#### PROBLEM:
Would you copy out the following entries exactly, without any of the pictures?

#### DATA SHOWN:
___

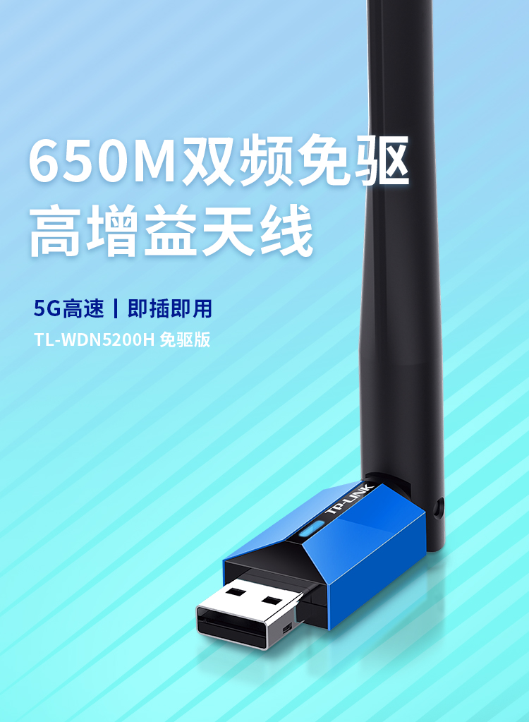 TP-LINK USB无线网卡 TL-WDN5200H免驱版 AC650双频5G网卡 笔记本台式机电脑无线接收器随身WiFi发射器
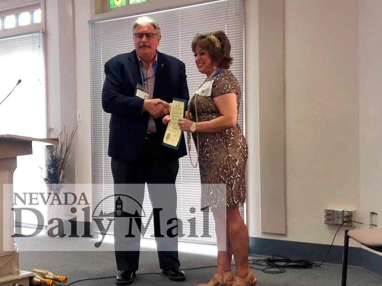 Nevada Mayor George Knox presents P.E.O. Chapter DW President Deborah Ernsbarger with the proclamation. (Photo by Sarah Haney | Daily Mail Editor) -
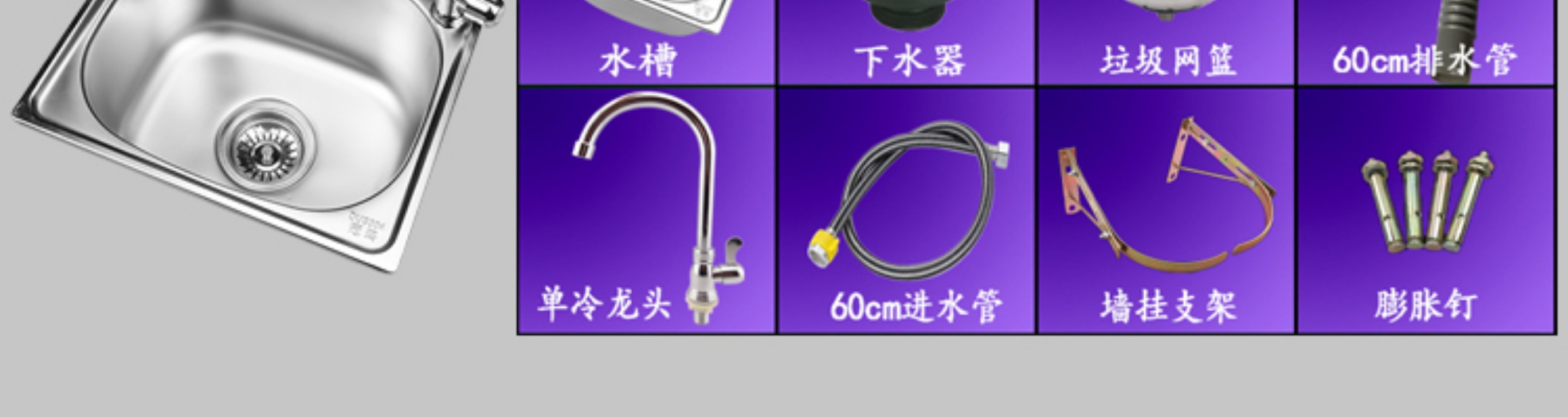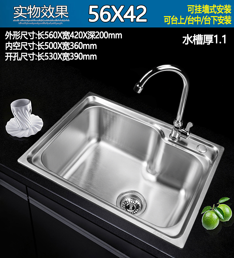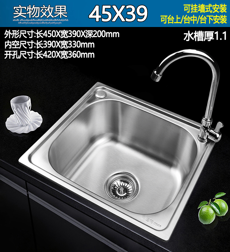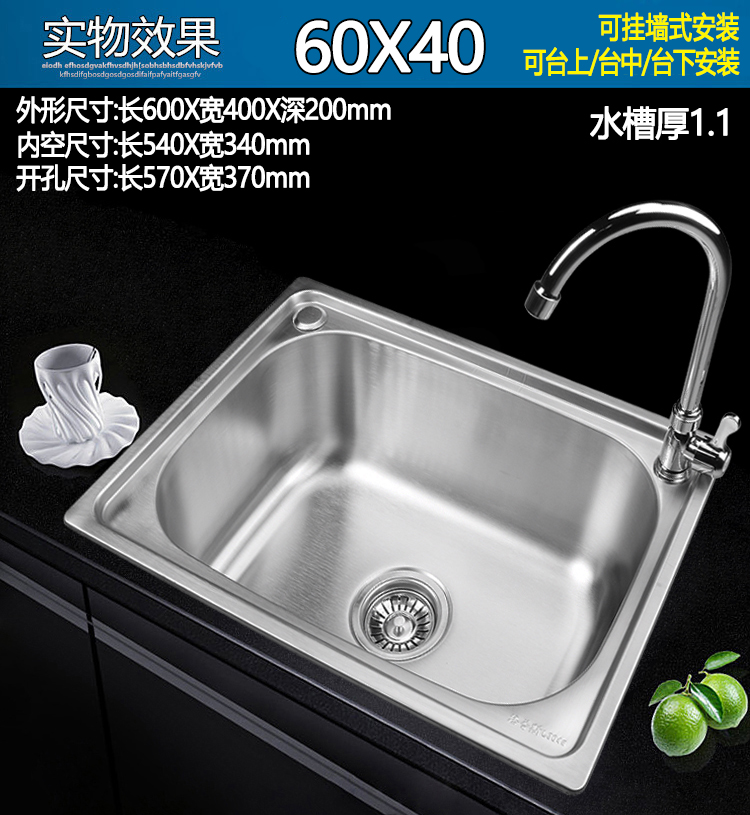 特价厨房304不锈钢水槽挂墙洗菜盆单槽带支撑架子大小洗手洗碗池
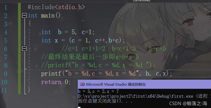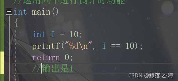 ? ? ? ?表达式一定是优先计算的,如下图: i == 10是一个表达式,执行逻辑运算,首先进行该表达式的运算,结果为真,即1,再执行printf的输出,因此输出为1
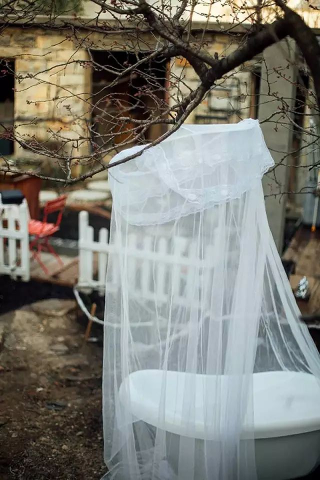 樱花树下的浴缸与纱帐,
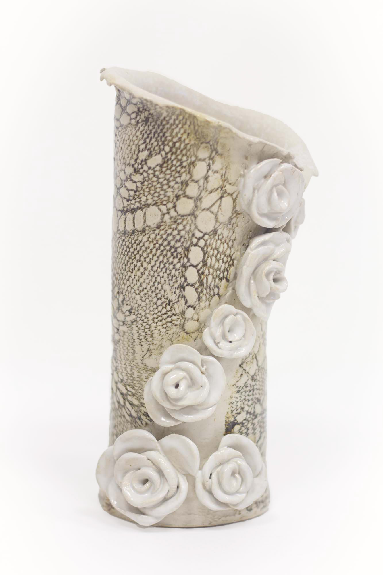 Vaas on valmistatud käsitööna. Värvus on naturaalne, roosid on valget värvi.
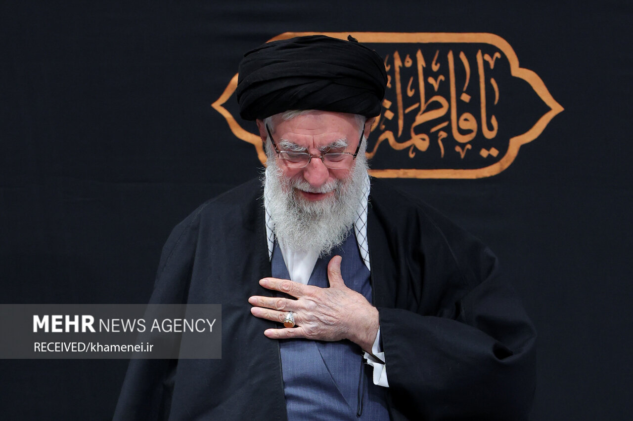 حسینیہ امام خمینیؒ تہران میں مجلسِ عزاء کے دوران رہبر معظم انقلاب کی آمد، حسینیہ میں 'حیدر حیدر'
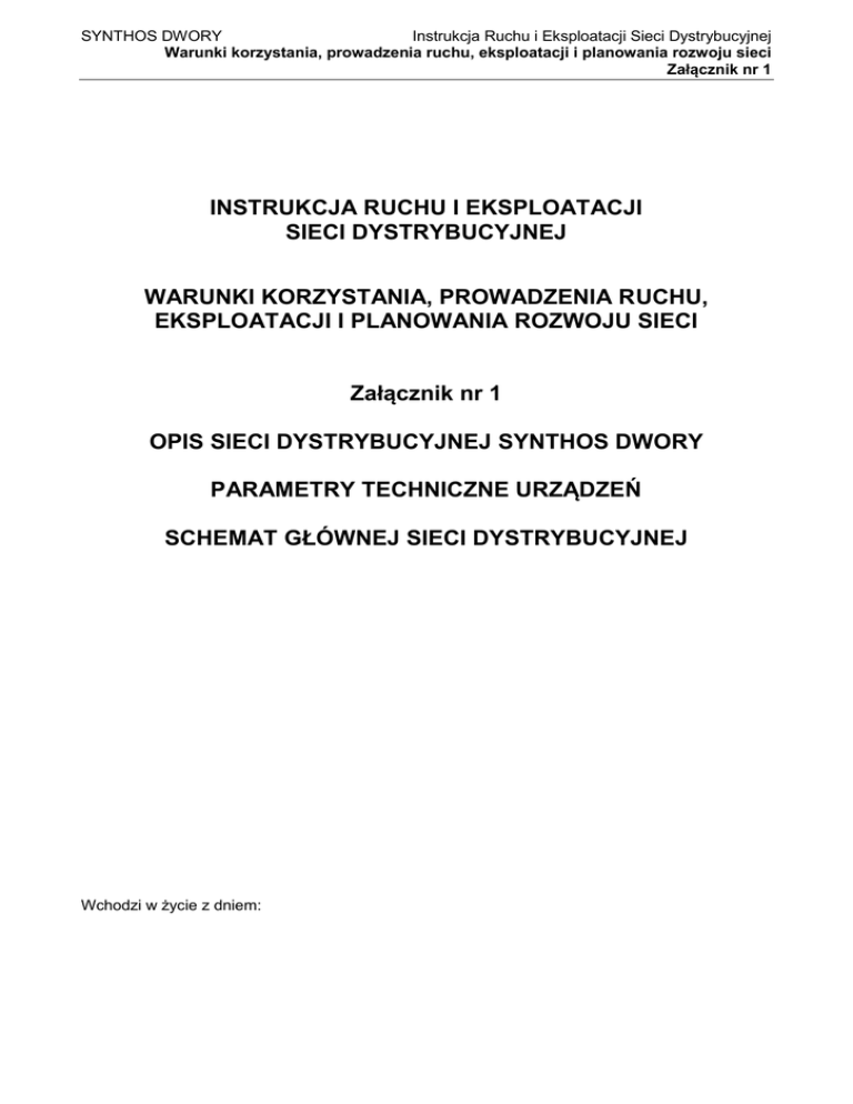SYNTHOS DWORY Instrukcja Ruchu i Eksploatacji Sieci Dystrybucyjnej Warunki korzystania, prowadzenia ruchu, eksploatacji i planowania rozwoju sieci Załącznik nr 1 INSTRUKCJA RUCHU I EKSPLOATACJI SIECI DYSTRYBUCYJNEJ WARUNKI KORZYSTANIA, PROWADZENIA RUCHU, EKSPLOATACJI I PLANOWANIA ROZWOJU SIECI Załącznik nr 1 OPIS SIECI DYSTRYBUCYJNEJ SYNTHOS DWORY PARAMETRY TECHNICZNE URZĄDZEŃ SCHEMAT GŁÓWNEJ SIECI DYSTRYBUCYJNEJ Wchodzi w życie z dniem: SYNTHOS DWORY Instrukcja Ruchu i Eksploatacji Sieci Dystrybucyjnej Warunki korzystania, prowadzenia ruchu, eksploatacji i planowania rozwoju sieci Załącznik nr 1 S P I S T R E Ś C I OPIS SIECI WYKORZYSTYWANYCH DO PROWADZENIA DZIAŁALNOŚCI OBJĘTEJ KONCESJĄ NA DYSTRYBUCJĘ ENERGII ELEKTRYCZNEJ ............................ 3 I.1. Informacje ogólne. ..................................................................................................... 3 I.2. Układ elektroenergetyczny. ........................................................................................ 4 II. PARAMETRY TECHNICZNE URZĄDZEŃ ............................................................................ 5 II.1. Wykaz jednostek wytwórczych przyłączonych do sieci 30 kV. .................................... 5 III. SCHEMAT GŁÓWNEJ SIECI DYSTRYBUCYJNEJ .............................................................. 6 III.1. Podstawowa struktura połączeń wraz z oznaczeniami głównych stacji elektroenergetycznych SYNTHOS DWORY. .............................................................. 6 Oznaczenia połączeń pomiędzy poszczególnymi stacjami el.en.: ............................................... 6 III.2. Schemat połączeń sieci SYNTHOS DWORY z siecią ENION SA .............................. 7 I. SYNTHOS DWORY Instrukcja Ruchu i Eksploatacji Sieci Dystrybucyjnej Warunki korzystania, prowadzenia ruchu, eksploatacji i planowania rozwoju sieci Załącznik nr 1 I. OPIS SIECI WYKORZYSTYWANYCH DO PROWADZENIA DZIAŁALNOŚCI OBJĘTEJ KONCESJĄ NA DYSTRYBUCJĘ ENERGII ELEKTRYCZNEJ I.1. Informacje ogólne. I.1.1. Głównymi stacjami zasilającymi sieć dystrybucyjną SYNTHOS DWORY są: 1) Stacja elektroenergetyczna sprzęgłowa 110/30 kV (Głównym Punktem Zasilającym GPZ-1) – oznaczona symbolem – numerem obiektu: A-141 - zasilana trzema transformatorami 110/30 kV, o mocach odpowiednio: a) transformator nr 2: 40 MVA; b) transformator nr 3: 60 MVA; c) transformator nr 4: 31,5 MVA; połączonymi liniami napowietrznymi 110 kV (łącznie ok. 1 km długości) z GPZ-tem 110 kV DWORY należącym do ENION SA Oddział w Bielsku-Białej. 2) Stacja rozdzielcza 30 kV kompleksu elektrociepłowni (Głównym Punktem Zasilającym GPZ-2) – oznaczona symbolem – numerem obiektu: B-107-B115 – do której przyłączone są obecnie trzy czynne (będące w eksploatacji) turbogeneratory 6 kV z transformatorami blokowymi 6/30 kV, o mocach odpowiednio: a) transformator turbogeneratora TG-8 – TB-8: 25 MVA; b) transformator turbogeneratora TG-10 – TB-10: 25 MVA; c) transformator turbogeneratora TG-12 – TB-12: 16 MVA; połączonymi z ww. rozdzielnią liniami kablowymi 30 kV. I.1.2. Stacje: A-141 oraz B-107-B-115 zlokalizowane są w dwu oddzielnych budynkach oddalonych od siebie około 400 metrów. Są to rozdzielnie wnętrzowe dwusekcyjne, trójsystemowe. Transformatory mocy wymienione w pkt. I.1.1.1) wyposażone są w podobciążeniowe przełączniki zaczepów – sterowane zdalnie z głównej nastawni elektrycznej usytuowanej w budynku B-111, natomiast transformatory blokowe wymienione w pkt. I.1.1.2) wyposażone są w bezobciążeniowe przełączniki zaczepów przełączane miejscowo. Do stacji sprzęgłowej A-141 przyłączone są dwie sekcje baterii kondensatorów 30 kV do centralnej kompensacji mocy biernej (zabudowane w budynku S-156). Stacja sprzęgłowa A-141 jest połączona pięcioma trasami kablowymi (ułożonymi w ziemi) 30 kV ze stacją rozdzielczą B-107-B-115 kompleksu elektrociepłowni. Cztery z tych tras pracują z dławikami zwarciowymi w celu ograniczenia skutków działania ewentualnych prądów zwarciowych. Ze stacji elektroenergetycznych A-141 oraz B-107-B-115 zasilane są stacje elektroenergetyczne transformatorowo-rozdzielcze 30/6 kV (Główne Punkty Rozdzielcze - GPR) oznaczone symbolami - numerami obiektów: C-88, E-117, C-142 oraz D-200. Stacje te zasilają bezpośrednio lub pośrednio pozostałe rozdzielnie SN pracujące w systemie elektroenergetycznym SYNTHOS DWORY. Wszystkie stacje elektroenergetyczne odbiorcze wymienione w pkt. I.1.6 wyposażone są w rozdzielnice 6 kV o przynajmniej podwójnym systemie szyn zbiorczych. W normalnym układzie pracy zasilane są one z dwóch różnych układów napięć wzajemnie rezerwowanych. Rozdzielnie C-88, C-142, E-117, D-200 oraz ‘Pompownia Soła’ wyposażone są w automatykę SZR. Wszystkie GPR-y wyposażone są w transformatory mocy 30/6 kV oraz, dla celów zasilania potrzeb własnych poszczególnych stacji i odbiorców nN, w transformatory 6/0,4 kV. Sieć 30 kV pracuje jako sieć skompensowana (za pomocą dławików Petersena), natomiast sieć 6 kV pracuje w układzie z izolowanymi punktami zerowymi transformatorów 30/6 kV. Sieć niskiego napięcia 500 V pracuje w układzie sieciowym IT, natomiast sieć 400 V w układzie sieciowym TN. I.1.3. I.1.4. I.1.5. I.1.6. I.1.7. I.1.8. I.1.9. I.1.10. SYNTHOS DWORY Instrukcja Ruchu i Eksploatacji Sieci Dystrybucyjnej Warunki korzystania, prowadzenia ruchu, eksploatacji i planowania rozwoju sieci Załącznik nr 1 I.2. Układ elektroenergetyczny. I.2.1. I.2.2. I.2.3. I.2.4. I.2.5. I.2.6. I.2.7. I.2.8. I.2.9. I.2.10. I.2.11. I.2.12. Operacyjnie układ elektroenergetyczny SYNTHOS DWORY składa się z dwóch równorzędnych układów napięć nazywanych: UKŁAD I i UKŁAD II. W normalnych warunkach pracy UKŁAD I i UKŁAD II są niezależne od siebie i połączone poprzez dowolnie wybrane transformatory 110/30 kV współpracują z niezależnymi układami stacji 1

___

#### EXERCISE SOLUTION:
 TP-LINK USB无线网卡 TL-WDN5200H免驱版 AC650双频5G网卡 笔记本台式机电脑无线接收器随身WiFi发射器
 Nevada Mayor George Knox presents P.E.O. Chapter DW President Deborah Ernsbarger with the proclamation. (Photo by Sarah Haney | Daily Mail Editor) -
 特价厨房304不锈钢水槽挂墙洗菜盆单槽带支撑架子大小洗手洗碗池
 ? ? ? ?表达式一定是优先计算的,如下图: i == 10是一个表达式,执行逻辑运算,首先进行该表达式的运算,结果为真,即1,再执行printf的输出,因此输出为1
 樱花树下的浴缸与纱帐,
 Vaas on valmistatud käsitööna. Värvus on naturaalne, roosid on valget värvi.
 حسینیہ امام خمینیؒ تہران میں مجلسِ عزاء کے دوران رہبر معظم انقلاب کی آمد، حسینیہ میں 'حیدر حیدر'
SYNTHOS DWORY Instrukcja Ruchu i Eksploatacji Sieci Dystrybucyjnej Warunki korzystania, prowadzenia ruchu, eksploatacji i planowania rozwoju sieci Załącznik nr 1 INSTRUKCJA RUCHU I EKSPLOATACJI SIECI DYSTRYBUCYJNEJ WARUNKI KORZYSTANIA, PROWADZENIA RUCHU, EKSPLOATACJI I PLANOWANIA ROZWOJU SIECI Załącznik nr 1 OPIS SIECI DYSTRYBUCYJNEJ SYNTHOS DWORY PARAMETRY TECHNICZNE URZĄDZEŃ SCHEMAT GŁÓWNEJ SIECI DYSTRYBUCYJNEJ Wchodzi w życie z dniem: SYNTHOS DWORY Instrukcja Ruchu i Eksploatacji Sieci Dystrybucyjnej Warunki korzystania, prowadzenia ruchu, eksploatacji i planowania rozwoju sieci Załącznik nr 1 S P I S T R E Ś C I OPIS SIECI WYKORZYSTYWANYCH DO PROWADZENIA DZIAŁALNOŚCI OBJĘTEJ KONCESJĄ NA DYSTRYBUCJĘ ENERGII ELEKTRYCZNEJ ............................ 3 I.1. Informacje ogólne. ..................................................................................................... 3 I.2. Układ elektroenergetyczny. ........................................................................................ 4 II. PARAMETRY TECHNICZNE URZĄDZEŃ ............................................................................ 5 II.1. Wykaz jednostek wytwórczych przyłączonych do sieci 30 kV. .................................... 5 III. SCHEMAT GŁÓWNEJ SIECI DYSTRYBUCYJNEJ .............................................................. 6 III.1. Podstawowa struktura połączeń wraz z oznaczeniami głównych stacji elektroenergetycznych SYNTHOS DWORY. .............................................................. 6 Oznaczenia połączeń pomiędzy poszczególnymi stacjami el.en.: ............................................... 6 III.2. Schemat połączeń sieci SYNTHOS DWORY z siecią ENION SA .............................. 7 I. SYNTHOS DWORY Instrukcja Ruchu i Eksploatacji Sieci Dystrybucyjnej Warunki korzystania, prowadzenia ruchu, eksploatacji i planowania rozwoju sieci Załącznik nr 1 I. OPIS SIECI WYKORZYSTYWANYCH DO PROWADZENIA DZIAŁALNOŚCI OBJĘTEJ KONCESJĄ NA DYSTRYBUCJĘ ENERGII ELEKTRYCZNEJ I.1. Informacje ogólne. I.1.1. Głównymi stacjami zasilającymi sieć dystrybucyjną SYNTHOS DWORY są: 1) Stacja elektroenergetyczna sprzęgłowa 110/30 kV (Głównym Punktem Zasilającym GPZ-1) – oznaczona symbolem – numerem obiektu: A-141 - zasilana trzema transformatorami 110/30 kV, o mocach odpowiednio: a) transformator nr 2: 40 MVA; b) transformator nr 3: 60 MVA; c) transformator nr 4: 31,5 MVA; połączonymi liniami napowietrznymi 110 kV (łącznie ok. 1 km długości) z GPZ-tem 110 kV DWORY należącym do ENION SA Oddział w Bielsku-Białej. 2) Stacja rozdzielcza 30 kV kompleksu elektrociepłowni (Głównym Punktem Zasilającym GPZ-2) – oznaczona symbolem – numerem obiektu: B-107-B115 – do której przyłączone są obecnie trzy czynne (będące w eksploatacji) turbogeneratory 6 kV z transformatorami blokowymi 6/30 kV, o mocach odpowiednio: a) transformator turbogeneratora TG-8 – TB-8: 25 MVA; b) transformator turbogeneratora TG-10 – TB-10: 25 MVA; c) transformator turbogeneratora TG-12 – TB-12: 16 MVA; połączonymi z ww. rozdzielnią liniami kablowymi 30 kV. I.1.2. Stacje: A-141 oraz B-107-B-115 zlokalizowane są w dwu oddzielnych budynkach oddalonych od siebie około 400 metrów. Są to rozdzielnie wnętrzowe dwusekcyjne, trójsystemowe. Transformatory mocy wymienione w pkt. I.1.1.1) wyposażone są w podobciążeniowe przełączniki zaczepów – sterowane zdalnie z głównej nastawni elektrycznej usytuowanej w budynku B-111, natomiast transformatory blokowe wymienione w pkt. I.1.1.2) wyposażone są w bezobciążeniowe przełączniki zaczepów przełączane miejscowo. Do stacji sprzęgłowej A-141 przyłączone są dwie sekcje baterii kondensatorów 30 kV do centralnej kompensacji mocy biernej (zabudowane w budynku S-156). Stacja sprzęgłowa A-141 jest połączona pięcioma trasami kablowymi (ułożonymi w ziemi) 30 kV ze stacją rozdzielczą B-107-B-115 kompleksu elektrociepłowni. Cztery z tych tras pracują z dławikami zwarciowymi w celu ograniczenia skutków działania ewentualnych prądów zwarciowych. Ze stacji elektroenergetycznych A-141 oraz B-107-B-115 zasilane są stacje elektroenergetyczne transformatorowo-rozdzielcze 30/6 kV (Główne Punkty Rozdzielcze - GPR) oznaczone symbolami - numerami obiektów: C-88, E-117, C-142 oraz D-200. Stacje te zasilają bezpośrednio lub pośrednio pozostałe rozdzielnie SN pracujące w systemie elektroenergetycznym SYNTHOS DWORY. Wszystkie stacje elektroenergetyczne odbiorcze wymienione w pkt. I.1.6 wyposażone są w rozdzielnice 6 kV o przynajmniej podwójnym systemie szyn zbiorczych. W normalnym układzie pracy zasilane są one z dwóch różnych układów napięć wzajemnie rezerwowanych. Rozdzielnie C-88, C-142, E-117, D-200 oraz ‘Pompownia Soła’ wyposażone są w automatykę SZR. Wszystkie GPR-y wyposażone są w transformatory mocy 30/6 kV oraz, dla celów zasilania potrzeb własnych poszczególnych stacji i odbiorców nN, w transformatory 6/0,4 kV. Sieć 30 kV pracuje jako sieć skompensowana (za pomocą dławików Petersena), natomiast sieć 6 kV pracuje w układzie z izolowanymi punktami zerowymi transformatorów 30/6 kV. Sieć niskiego napięcia 500 V pracuje w układzie sieciowym IT, natomiast sieć 400 V w układzie sieciowym TN. I.1.3. I.1.4. I.1.5. I.1.6. I.1.7. I.1.8. I.1.9. I.1.10. SYNTHOS DWORY Instrukcja Ruchu i Eksploatacji Sieci Dystrybucyjnej Warunki korzystania, prowadzenia ruchu, eksploatacji i planowania rozwoju sieci Załącznik nr 1 I.2. Układ elektroenergetyczny. I.2.1. I.2.2. I.2.3. I.2.4. I.2.5. I.2.6. I.2.7. I.2.8. I.2.9. I.2.10. I.2.11. I.2.12. Operacyjnie układ elektroenergetyczny SYNTHOS DWORY składa się z dwóch równorzędnych układów napięć nazywanych: UKŁAD I i UKŁAD II. W normalnych warunkach pracy UKŁAD I i UKŁAD II są niezależne od siebie i połączone poprzez dowolnie wybrane transformatory 110/30 kV współpracują z niezależnymi układami stacji 1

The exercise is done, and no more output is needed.